Muar, Malaysia : ムアル・マレーシア ジョホール州には過去、統治していたスルタンがイギリスと強く結びついており、その後の植民地時代を通じて西洋建築の技術を取り入れた建築物が多くある。ジョホール州境手前に近いムアルに街を代表する大きなモスクが2箇所あるのだが、このモスクも、また Sultan Ibrahim Jamek Mosque と呼ばれるモスクも英国植民地時代を彷彿させる西洋建築とイスラーム建築が融合したデザインで造られた。街を流れるムアル川を挟んで、どちらもなぜかほぼ同じような構造である。寄棟造りの屋根と西側面に大きなドーム、反対側の東側面に細い柱で支える四角形のバルコニーと窓のあるミナレットと、一見ではパーツごとの区別は難しいくらい似ている。礼拝堂内部はアーチや柱頭に西洋建築らしさも感じるが、マレーやアラブの文様なども取り入れている。大きな木製の彫刻が施されたミンバルが独立して立っており、キブラ壁にある凹みをもつ形状のミフラーブはない。その背後にはブロークン・ペディメントで装飾された星の文様入りのドアがある。ドアの裏は外から見ると側壁の大きなドームのある半円形の部屋なのだが、特に部屋に何か宗教的な機能があるようでもなかった。寄棟造りの屋根なので、天井は外から見る限り普通の屋根だが、ドームは礼拝堂中心上部にある。

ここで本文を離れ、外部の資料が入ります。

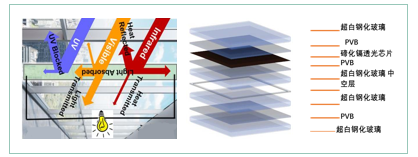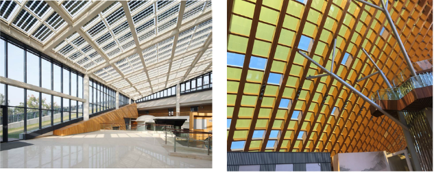 可以应用在建筑阳光房、商业建筑中庭采光顶等位置,在满足建筑光线的要求下,还可增加建筑发电属性,为建筑整体降低能耗。
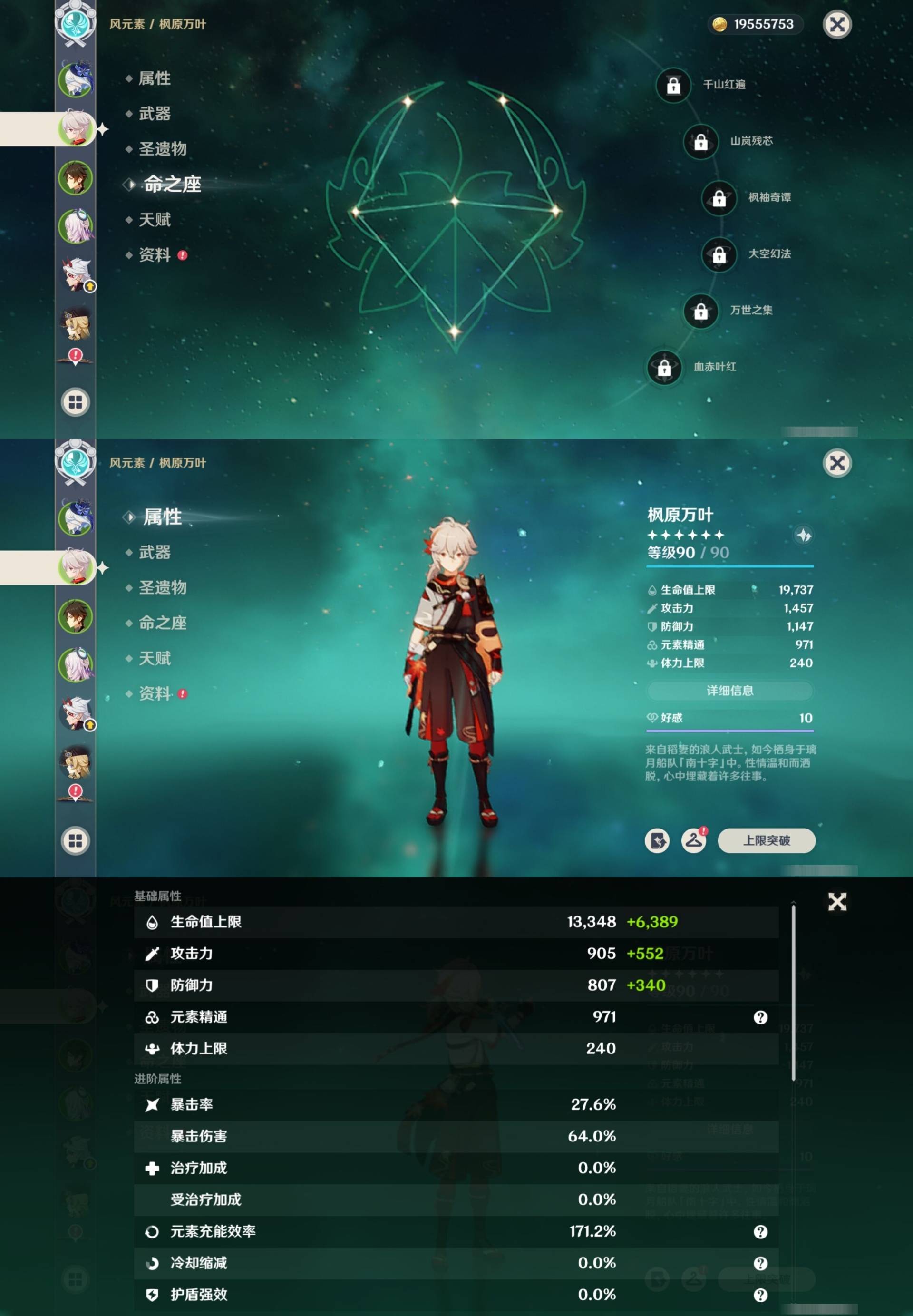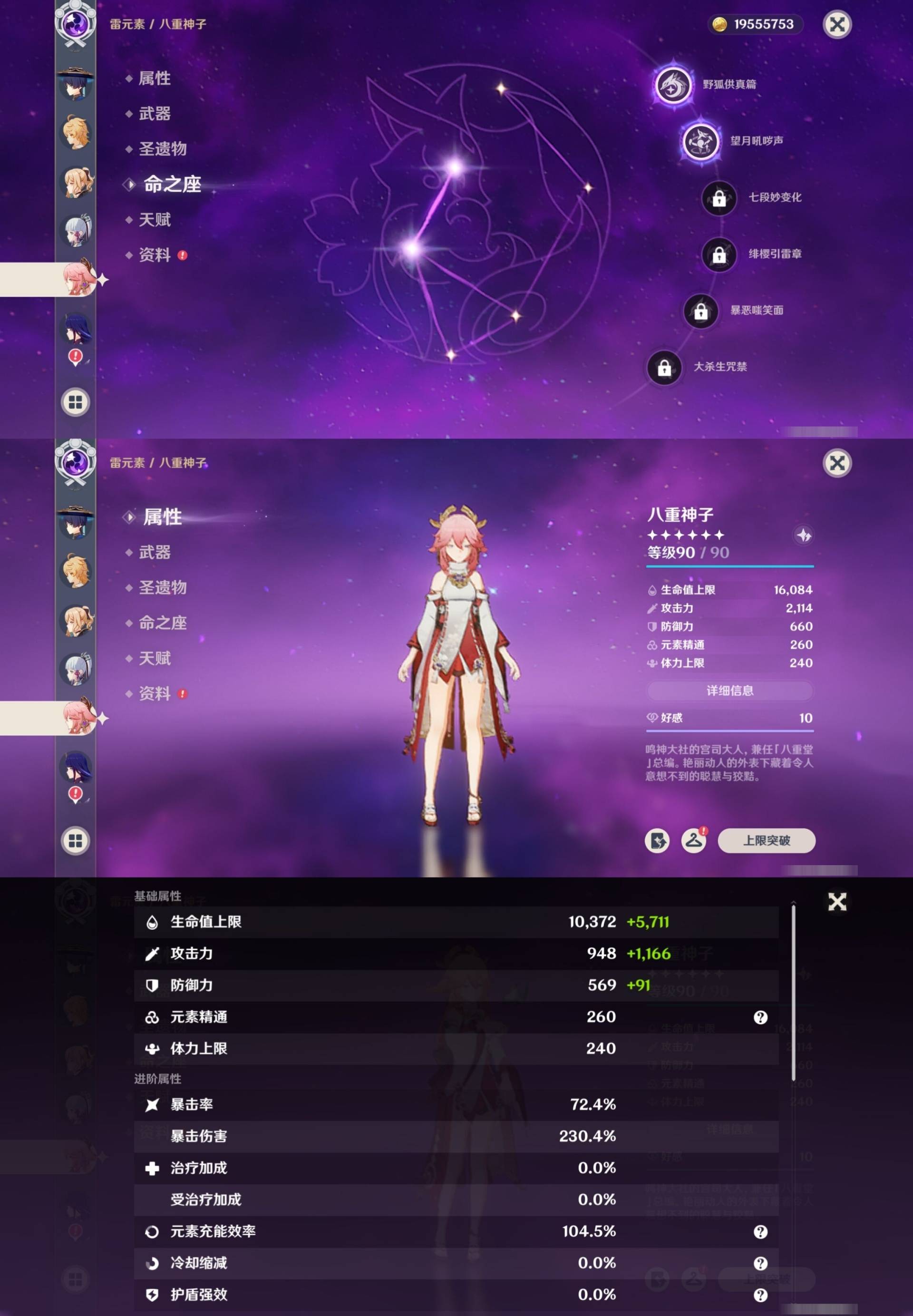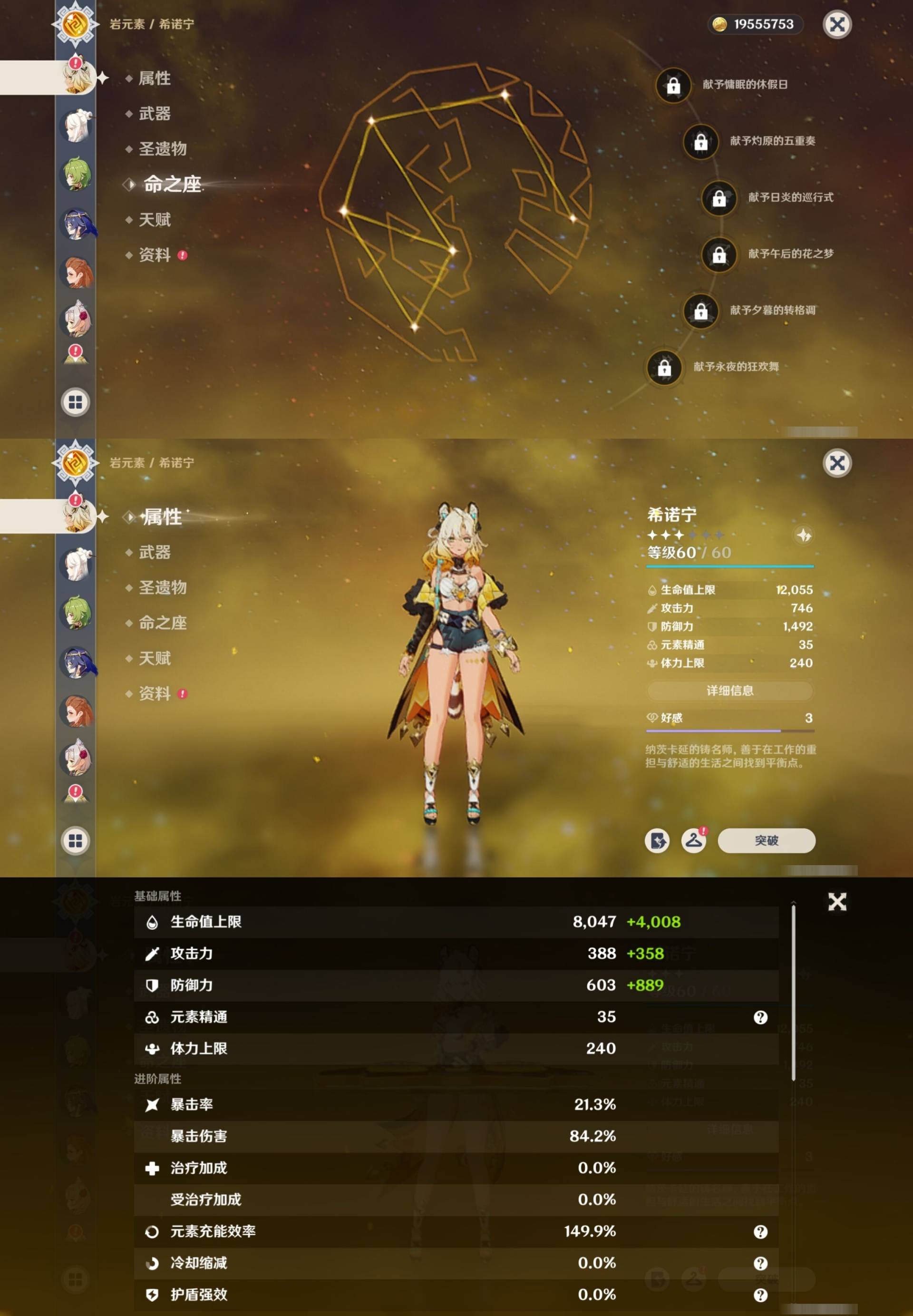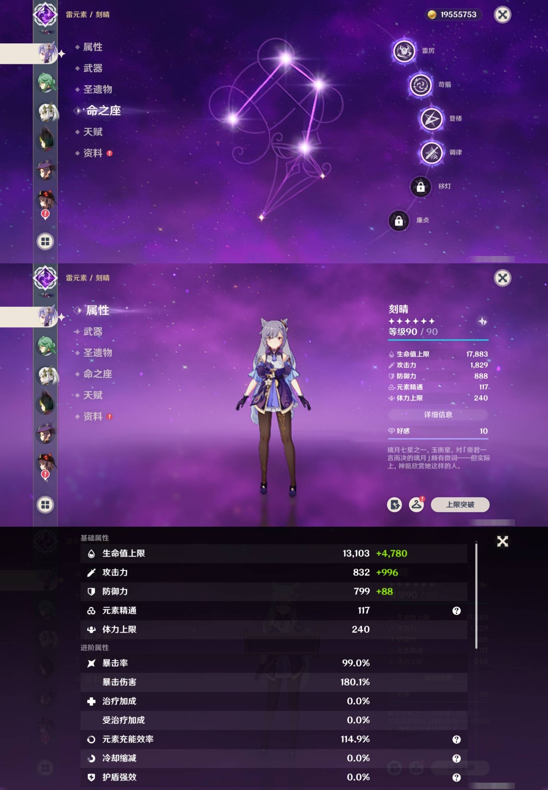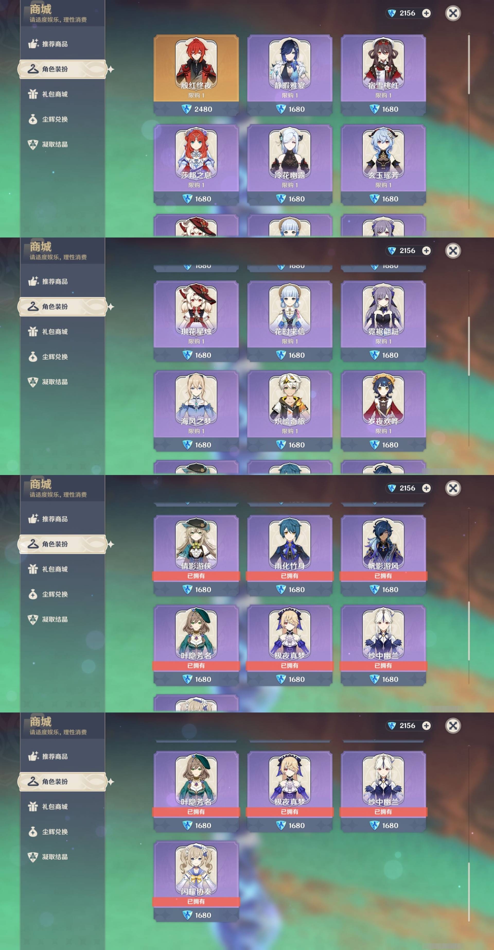 [14000924]72黄 风:0命枫原万叶,1命流浪者,4命琴 火:1命胡桃,1命迪希雅,3命迪卢克 水:6命芙宁娜,0命莫娜 冰:0命茜特菈莉,0命神里绫华,2命七七,0命埃洛伊 岩:0命钟离,1命荒泷一斗,0命娜维娅,0命希诺宁 雷:2命八重神子,0命雷电将军,4命刻晴 草:0命白术,0命纳西妲,3命提纳里 弓:精1天空之翼,精1阿莫斯之弓 法器:精1图莱杜拉的回忆,精1神乐之真意,精1碧落之珑 单手剑:精1静水流涌之辉,精1雾切之回光,精1雾切之回光,精1苍古自由之誓,精1风鹰剑,精1风鹰剑,精1圣显之钥,精1岩峰巡歌 双手剑:精2赤角石溃杵,精3无工之剑,精1天空之傲 长柄武器:精1薙草之稻光,精1护摩之杖,精1天空之脊 【角色皮肤】 四星角色:绮良良-倩影游侠,行秋-雨化竹身,凯亚-帆影游风,丽莎-叶隐芳名,菲谢尔-极夜真梦,凝光-纱中幽兰,芭芭拉-闪耀协奏

Bihac, Bosnia and Herzegovina : ビハチ・ボスニア ヘルツェゴヴィナ 重厚な造りのゴシック教会かと思える実に美しい建築である。ゴシック建築の要点でもあるバラ窓と尖頭アーチのエントランスが目を引くが、立派なミナレットがしっかりと立っており、間違いなくモスクである。原型となったのはChurch of Saint Anthony of Paduaと呼ばれた、ゴシック建築のカトリック教会であり、当時クロアチア領だったこの地は1592年にオスマン帝国の侵攻を受け教会はモスクへと転用された。ボスニア ヘルツェゴヴィナとなった現在ではそのままモスクとして使用されており、1266年建造のボスニア最古のゴシック建築と言われている。屋根はオレンジ瓦の寄棟造りでモスクのファサードには前述の鉛筆型ミナレット、広場側にステンドグラスの窓があり、広場と反対側には過去に鐘楼と修道院が併設されていたが既に壊されている。こちら側は壁の色が変わっているのでおそらくその影響であろう。内装は完全にモスクになっていてキリスト教会の面影は全くなくっている。元々教会として建造されたため、天井にドームはなくフラットな状態で、バルカンの寄棟造りのモスクで見かける平面でドームを模した描画もない。当然ミフラーブのあるキブラ壁はメッカの方角を向いていないはずである。画像を見るとわかるが、おそらくミフラーブには角度をつけず、礼拝の方向だけを列を示す絨毯の線でメッカへの角度をつけているのかと思う。2階のバルコニーも画像が歪んでいるようにみえるが礼拝の方角へ角度を付けているからなのであろう。
As-Salt, Jordan : サルト・ヨルダン 丘陵にクリームイエローの壁の建物がひしめき合う、独特な景観のAs-Saltにある大モスクである。モスクの原型は現在のエジプトを中心としてたマムルーク朝の時代に造られたものだが、現在は全く新しく改築されている。1階は商店と礼拝堂、2階ではムスリマが集まり何か講義をしていた。商店のファサードはアラブ風でもありながら直線を使った現代建築にアレンジされている。とは言え、ドーム本体のデザインや角が落とされた台座と窓のデザインはマムルーク建築を意識しているのではないかと思う。ドームは鈍く光るグレーに塗られている。ミナレットは1本で円柱形と円のバルコニーに八角形の屋根がつく。